- [TASK PROMPT]: Starting at the line that contains "ring.Accept the call." and stopping at the line that contains "Оборудование номера: кровать полутораспальная, прикроватная", restate each line of the records below exactly. Omit the pictures.

- [RECORDS FOR THIS TASK]:
☆ ☆ ☆ ☆
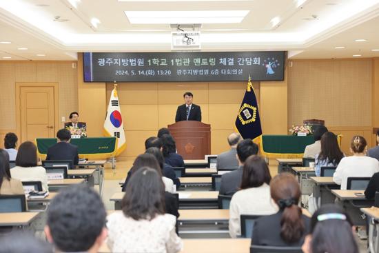 광주시교육청이 지난 14일 광주지방법원 대회의실에서 ‘1학교 1법관 진로 멘토링’ 체결식을 진행했다.
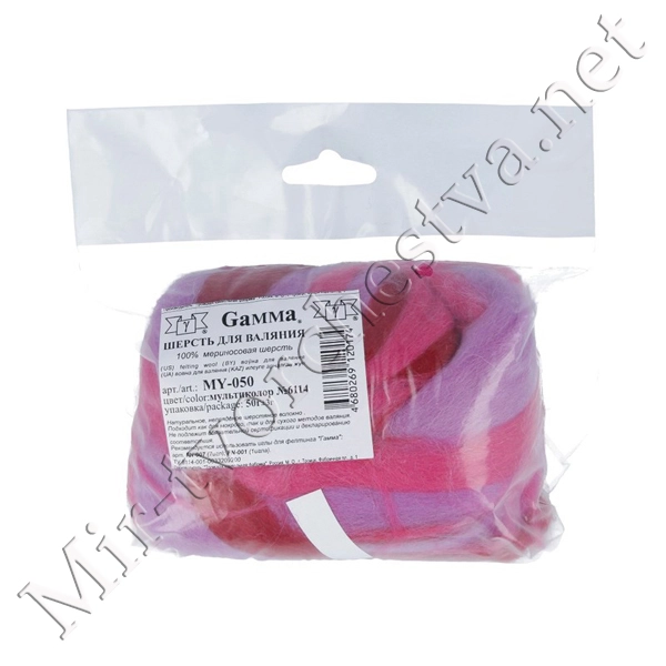 Шерсть для валяния полутонкая, Мальва (1014), 50г, Gamma
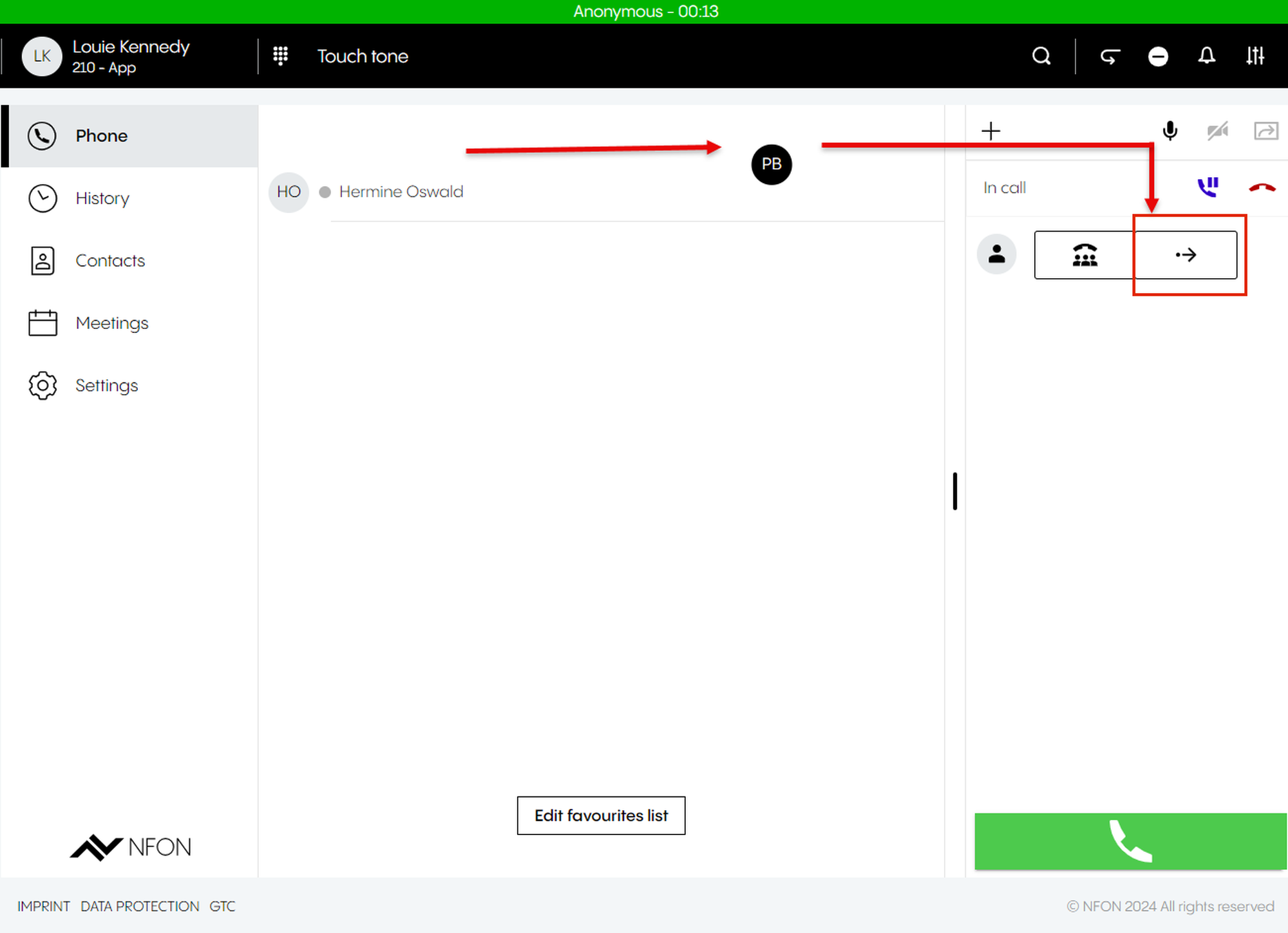 ⇒ The selected device (here, the hotel room phone) will ring.Accept the call.
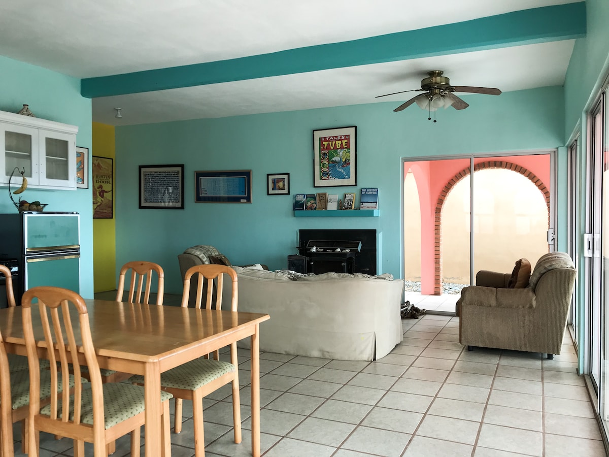 Bring the whole family to this great place with lots of room to enjoy. Spacious and cozy for comfortable stay. 3 bedrooms, 2 baths and living, kitchen and dinning room are open space concept. Walking distance to the beach and the mountains and ten minute drive to La Bufadora. Yoga Classes and Food Catering onsite for an extra fee.
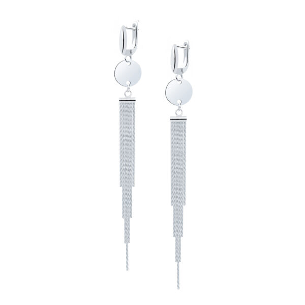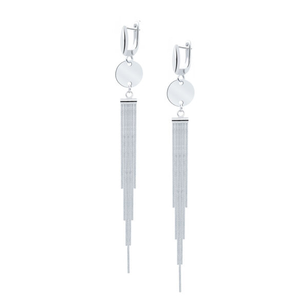 Kolczyki wykonane ze srebra 925, dodatkowo uszlachetnione warstwą rodu. Długość kolczyków wraz z zapięciem 9 cm.
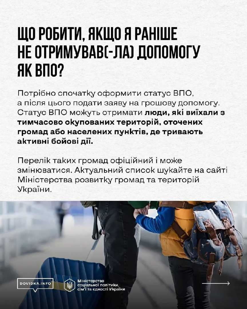 Актуальні питання-відповіді для внутрішньо переміщених осіб щодо довідки про взяття на облік внутрішньо переміщеної особи та допомоги на проживання.
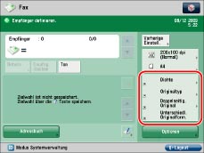 Berühren Sie nacheinander die Tasten [Einstellungen Funktion] → [Senden] → [Einstellungen Fax].
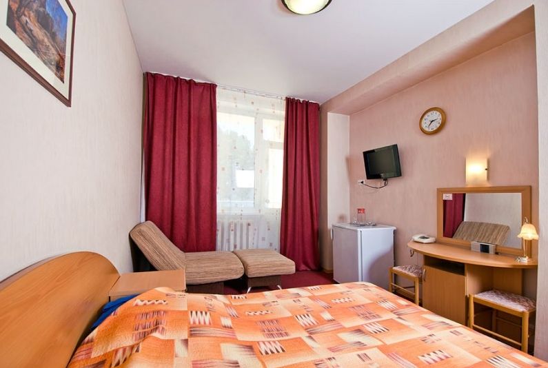Оборудование номера: кровать полутораспальная, прикроватная тумбочка, шкаф для одежды, стол со стулом, кресло, телевизор, холодильник, электрочайник, телефон
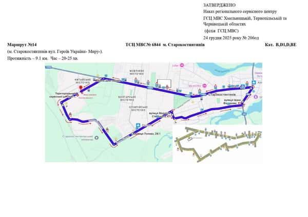Маршрут №14 ТСЦ №6844. Для перевірки навичок керування ТЗ категорій B, BE, D1, D.
☆ ☆ ☆ ☆
- [RESULT FOR THIS TASK]:
 ⇒ The selected device (here, the hotel room phone) will ring.Accept the call.
 Bring the whole family to this great place with lots of room to enjoy. Spacious and cozy for comfortable stay. 3 bedrooms, 2 baths and living, kitchen and dinning room are open space concept. Walking distance to the beach and the mountains and ten minute drive to La Bufadora. Yoga Classes and Food Catering onsite for an extra fee.
 Kolczyki wykonane ze srebra 925, dodatkowo uszlachetnione warstwą rodu. Długość kolczyków wraz z zapięciem 9 cm.
 Актуальні питання-відповіді для внутрішньо переміщених осіб щодо довідки про взяття на облік внутрішньо переміщеної особи та допомоги на проживання.
 Berühren Sie nacheinander die Tasten [Einstellungen Funktion] → [Senden] → [Einstellungen Fax].
Оборудование номера: кровать полутораспальная, прикроватная тумбочка, шкаф для одежды, стол со стулом, кресло, телевизор, холодильник, электрочайник, телефон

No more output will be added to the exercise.